К середине 1943 года страна наелась до отвала Джона Л. Льюиса. Подстегиваемый нарастающей волной общественного гнева из-за угольной забастовки, разгневанный Конгресс в июне принял Закон Смита-Коннелли о трудовых спорах в условиях войны. Якобы военная мера, на самом деле она нанесла рабочему движению удар, который консерваторам не терпелось нанести с момента принятия закона Вагнера в 1935 году. Воспользовавшись падением репутации Льюиса, они отомстили за почти десятилетние достижения в сфере труда. Закон расширил полномочия президента по конфискации забастовавших военных заводов, ввел тридцатидневный период «охлаждения» для забастовок, установил уголовное наказание для лидеров забастовок, требовал одобрения большинства членов профсоюза перед забастовкой и, для пущей убедительности, запретил профсоюзные взносы на политические кампании в военное время. Не в последнюю очередь из-за этого последнего положения — прозрачной попытки нанести Рузвельту пощечину и остановить рост политического влияния профсоюзов, которому способствовал «Новый курс», — президент наложил вето на законопроект. Конгресс быстро принял его, что стало ещё одним напоминанием о потере Рузвельтом контроля над Конгрессом и антирабочих настроениях в обществе со времен расцвета реформ в годы депрессии. «Мне кажется, — хмуро заметил Рузвельт Элеоноре, — страна забыла, что мы вообще пережили 1930-е годы».[1030]
ДЛЯ МНОГИХ АМЕРИКАНЦЕВ, живущих в тылу, годы депрессии казались лишь далёким, хотя и болезненным воспоминанием. Война не просто избавила от десятилетнего бедствия безработицы.
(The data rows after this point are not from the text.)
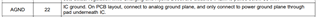 Pin 22 is AGND and we recommend connecting it to power ground through the pad underneath the IC.
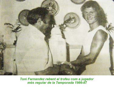 Foto 4: G. Soler de “Coexa” entrega a T. Fernández el trofeo al jugador más regular de la temporada 1986-87.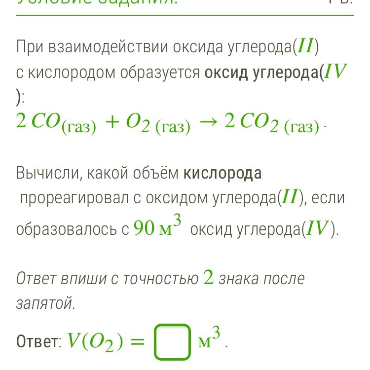 4. Ответ: потребуется 44,8м³ кислорода,чтобы получить оксид углерода(IV) объемом 90м³.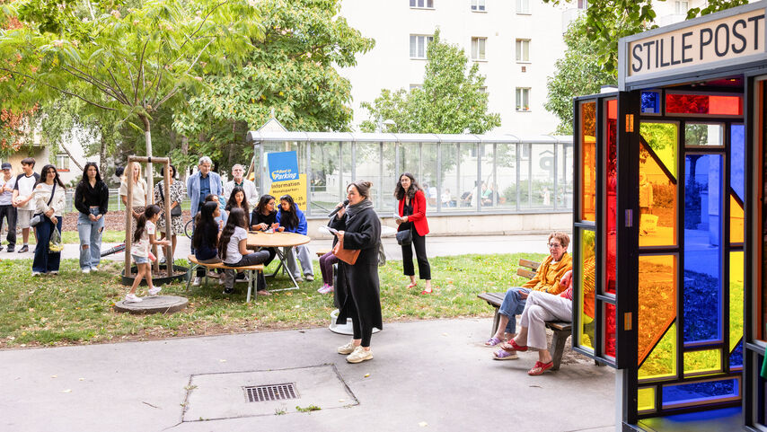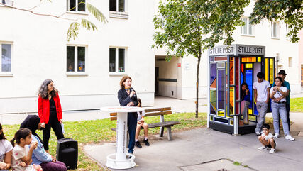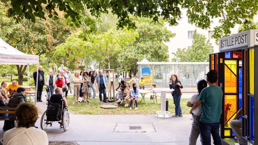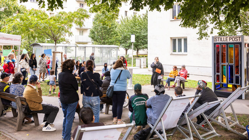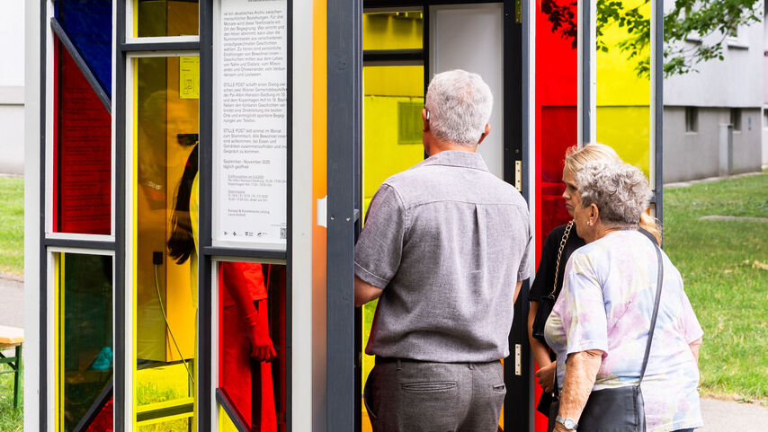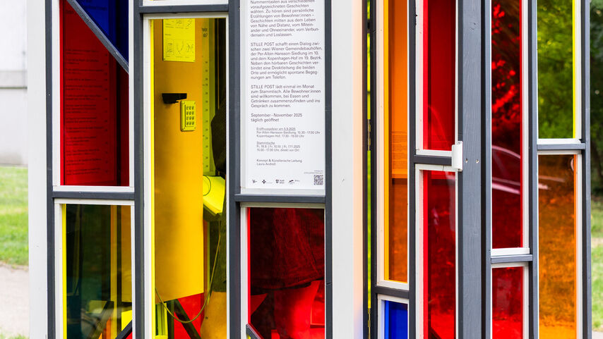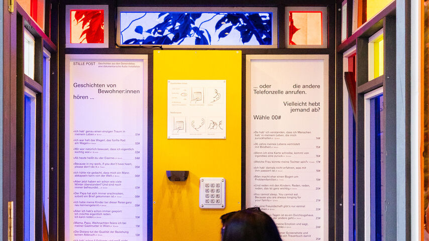 STILLE POST ist ein akustisches Archiv zwischenmenschlicher Beziehungen. Ab September stehen für drei Monate ganz besondere Telefonzellen in zwei Wiener Gemeindebauhöfen – in der Per-Albin-Hansson-Siedlung im 10. und im Kopenhagen-Hof im 19. Bezirk. Wer eintritt und den Hörer abnimmt, kann über die Nummerntasten aus verschiedenen voraufgezeichneten Geschichten wählen. Zu hören sind persönliche Erzählungen von Bewohner:innen – Geschichten mitten aus dem Leben von Nähe und Distanz, vom Miteinander und Ohneeinander, vom Verbundensein und Loslassen.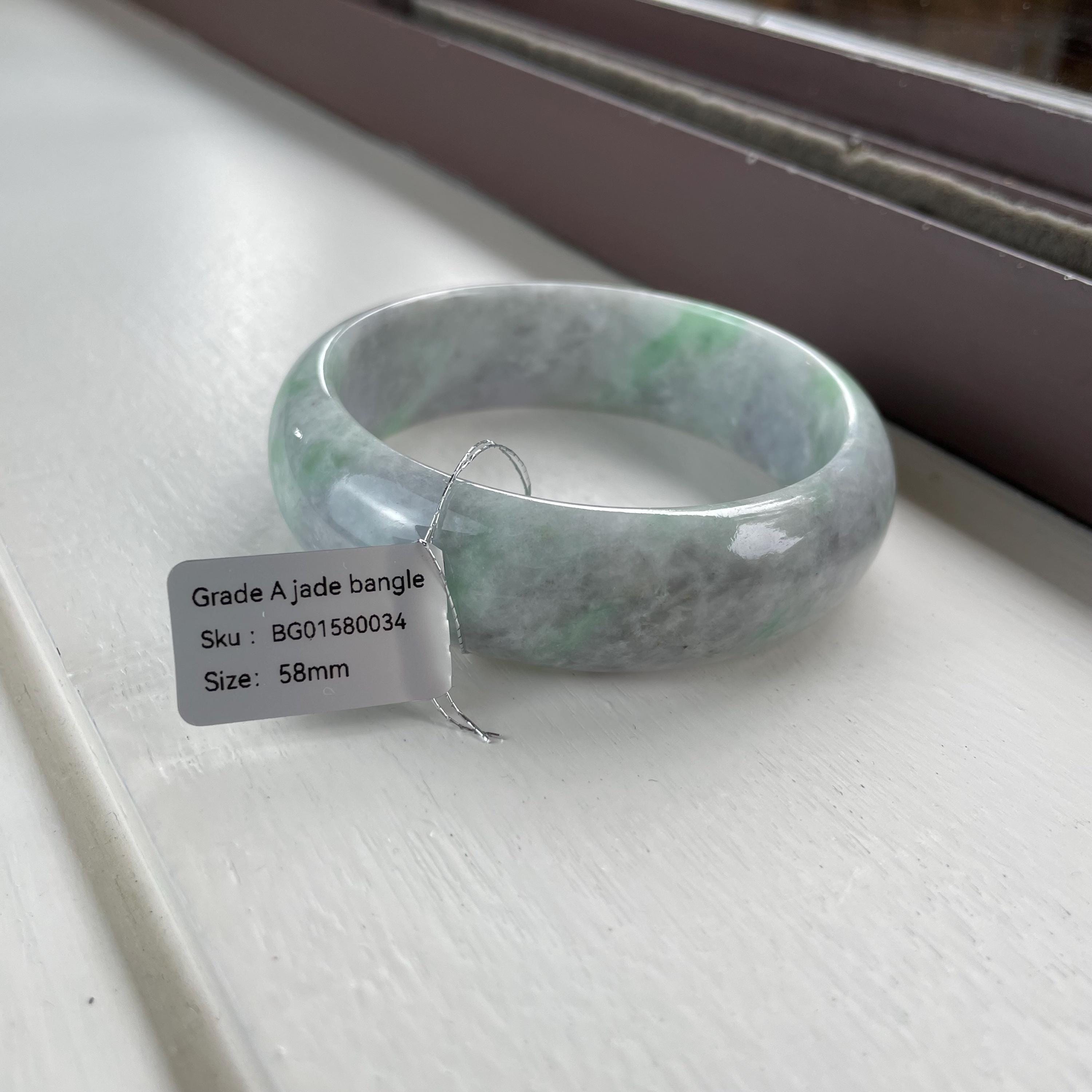 Green Luck Jade Bangle Bracelet grade A jade gemstone bracelet Asian jewelry 58mm BG01580034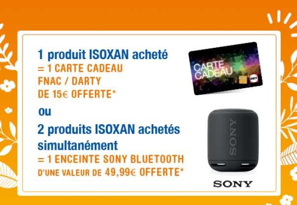 Jusqu’au 31 mai 2019 , pour l’achat dans une pharmacie participante d’une boite de ISOXAN on recevra une carte cadeau Fnac Darty de 15€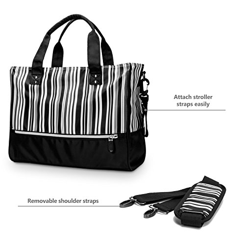 Accessories Included: - 2 x stroller straps - The universal stroller straps are strong enough to withstand any challenge! Quickly and easily attach and remove the bag from a stroller handle. - 1 x shoulder strap - Our diaper bag can be wore in different ways, the removable shoulder strap allow you to carry it the way you like. More options for you. - Changing Pad - Offering a black baby changing pad, which is waterproof and nice-looking. 0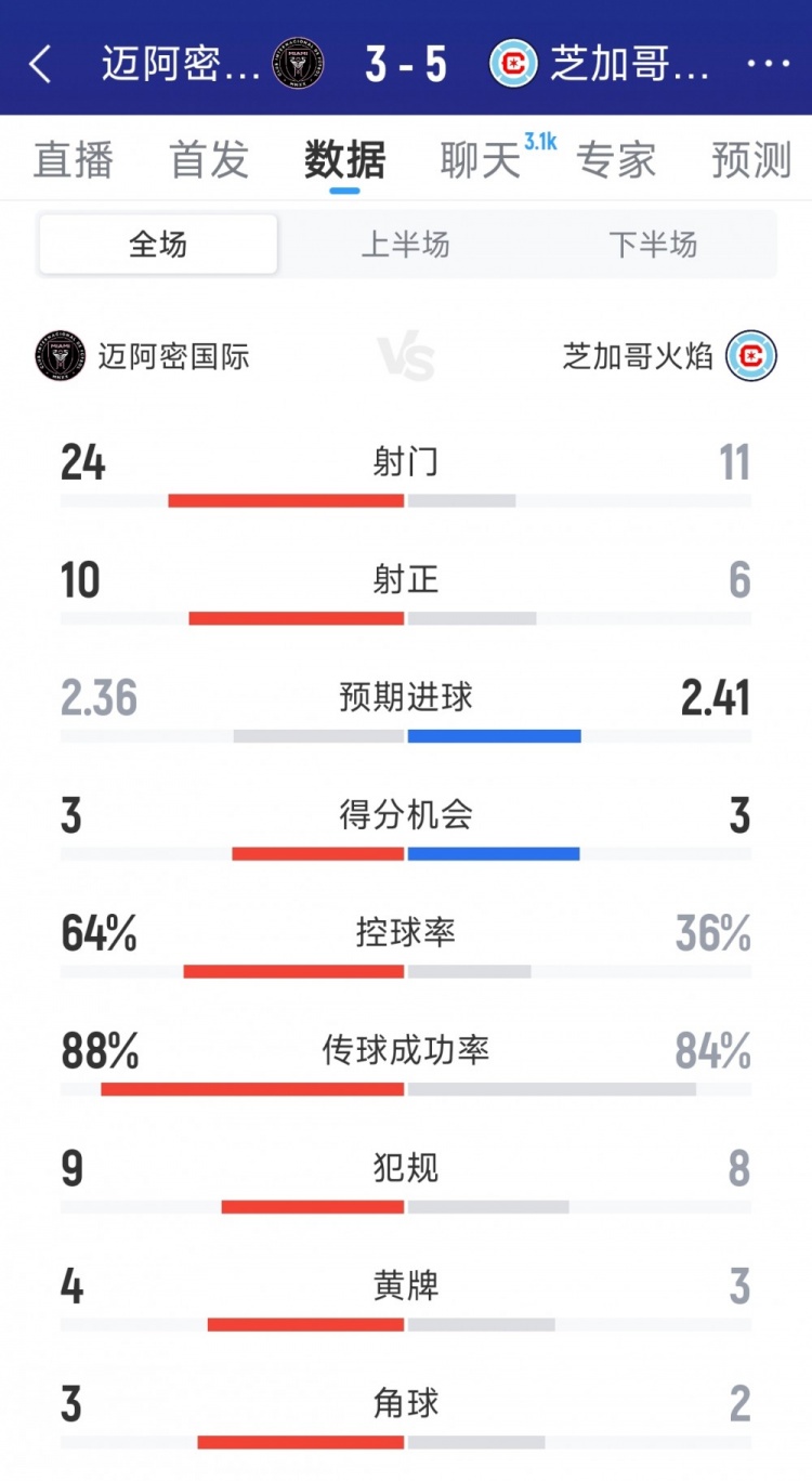 进球大战,迈阿密国际3-5芝加哥火焰数据:射门24-11,射正10-6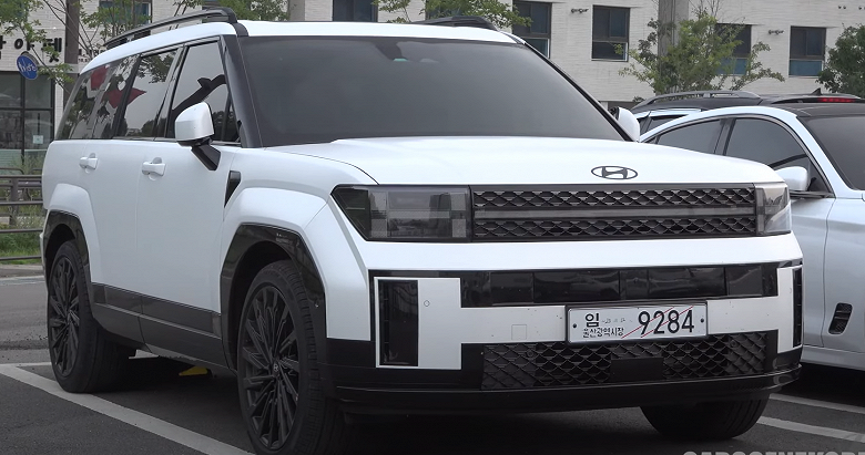 Новейший белоснежный Hyundai Santa Fe 2024 в исполнении Black Ink Edition показали вживую

Она также обеспечила работой 3,25 миллиона новых соискателей, достигших трудоспособного возраста во время конфликта, а также ещё 7,3 миллиона работников, половина из которых — женщины, которые в обычных условиях не стали бы искать работу даже в условиях полной занятости в мирное время. Благодаря правительственной практике заключения контрактов по принципу «затраты плюс» и повсеместной доступности сверхурочных, работа в военное время оплачивалась очень хорошо, особенно для американцев, переживших тесные годы 1930-х годов. Даже в большей степени, чем целевые программы «Нового курса», эта экономическая перестройка дала беспрецедентное чувство безопасности мужчинам и женщинам, которые долгое время обходились без него. «Когда я шёл работать на военно-морскую верфь, — вспоминал один рабочий с верфи в Портсмуте, штат Вирджиния, — я чувствовал себя так, будто что-то спустилось с небес. Я перешел с сорока центов в час на доллар в час… В конце войны я зарабатывал два семьдесят пять в час… Я не мог поверить в свою удачу… Я смог купить рабочую одежду, купить костюм… Это просто сделало из меня другого человека…… После всех тягот Депрессии война полностью перевернула мою жизнь». Другой мужчина, вспоминая своё военное детство в Портленде, штат Орегон, вспоминал, что «впервые у нас появились деньги… Вы начали думать, что можете что-то делать. Мы время от времени ходили в ресторан, чего никогда не делали до войны. Во время депрессии мы почти не ходили на выставки картин, а теперь я ходил постоянно… Моя мама накопила достаточно денег, чтобы купить скромный дом. Это был первый дом, который мы купили».[1031]
Рационирование ограничило покупку нескольких товаров — в первую очередь мяса, масла, кофе, шин и бензина, — что заставило изменить меню и привычки. Постановления, направленные на экономию дефицитных материалов, также привели к заметным изменениям в моде. Чтобы сэкономить дефицитные ткани, Совет по военному производству запретил двубортные костюмы, жилеты, манжеты брюк и накладные карманы для мужчин; исчезли плиссированные юбки, повысились подолы, а женские купальные костюмы стали более облегающими, что способствовало широкому распространению ранее редкого купального костюма из двух частей. Некоторые вещи исчезли совсем. В 1942 году WPB резко ограничила строительство новых частных домов и запретила производство автомобилей для частного использования. 10 февраля 1942 года работники автозавода устроили небольшие церемонии по случаю схода с конвейера последнего автомобильного шасси, а затем приступили к демонтажу старых штампов и штамповочных прессов и подготовке к производству оружия.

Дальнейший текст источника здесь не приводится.